La solution pour une source de revenu vertueuse pourrait passer par les algues. A Ambohibola, les locaux ont noué une collaboration avec Ocean Farmers. L’entreprise fournit un matériel respectueux de l’environnement et forme les pêcheurs pour qu’ils cultivent une algue utilisée en agroalimentaire et cosmétique. Les paysans de la mer accrochent des boutures sur des cordes tendues dans l’eau. “Certains paysans gagnent jusqu’à 2 millions d’ariary (450 euros) par mois en activité principale, et en activité complémentaire, entre 100 000 ariary et 300 000 (22 et 66 euros)”, chiffre le directeur, Frédéric Pascal.
Mais Ocean Farmers subit une contrainte plus forte que le dérèglement climatique : la concurrence déloyale de collecteurs asiatiques qui achètent la production des paysans, plus cher, mais sans investir, et qui utilise un matériel polluant et du gasoil pour ses bateaux, ce qui empoisonne les algues de tout le lagon. Fin 2021, Ocean Farmers produisait de 6 à 8 tonnes d’algues par mois, et un an après, seulement 2 tonnes…
Nous achevons notre route sur les traces de ces mystérieuses ouvertures dans les baobabs. A Ampotaka, guidés par Velonombiasa, 63 ans, nous progressons difficilement entre les épineux, avant de déboucher sur une « citerne ». En réalité, les locaux ont creusé les baobabs pour en faire une réserve qu’ils remplissent en saison des pluies, en prévision de la saison sèche, par ces petites portes en hauteur. « Personne ne nous a appris, raconte le doyen. C’est en voyant un baobab creusé naturellement qu’on a eu l’idée. » Géniale mesure d’adaptation aux variations climatiques. « Mais aujourd’hui on est trop nombreux, reprend-il. On vide nos réserves avant la pluie… »

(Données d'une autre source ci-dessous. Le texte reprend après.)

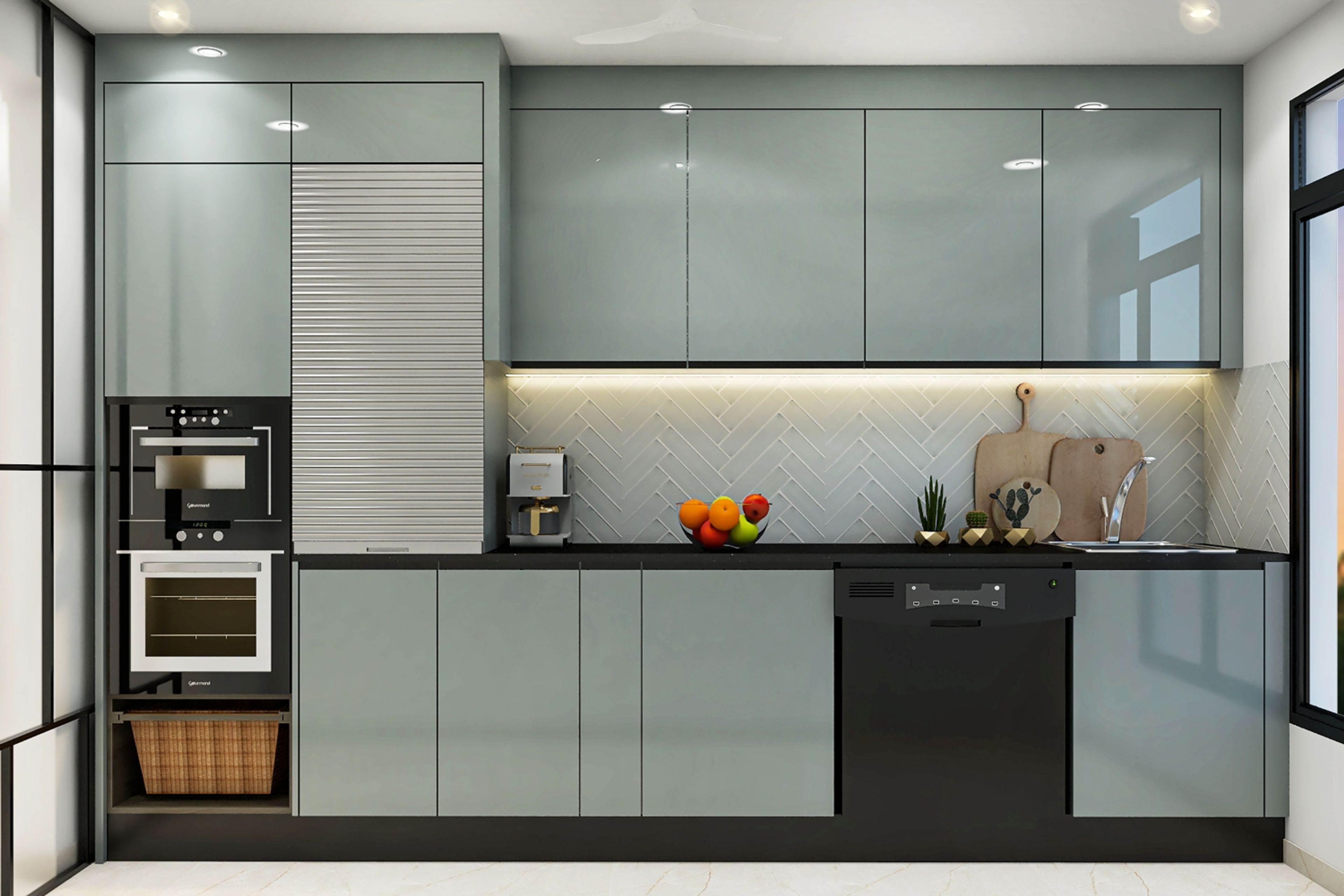 Storage Features: This kitchen features ample storage with sleek, high-gloss cabinets that blend seamlessly with the décor, including strategically placed shelves for easy access to essentials while keeping a minimalist look.

Symbole des limites d’une époque, le baobab enseigne aussi l’espoir. « Il dispose de propriétés de régénération exceptionnelles », confirme Cyrille Cornu, le chercheur. Ce qui lui permet, après le creusage, de reformer une écorce à l’intérieur et de rester vivant malgré les milliers de litres en lui. Ailleurs dans les forêts, lorsque les populations en prennent soin, les arbres repoussent toujours. Dans la mer, les ressources aussi attendent de meilleures conditions. « En quelques années, le récif corallien peut se régénérer de manière spectaculaire », assure Gildas Todinanahary. Aujourd’hui, Madagascar est malade. Demain, Madagascar peut renaître.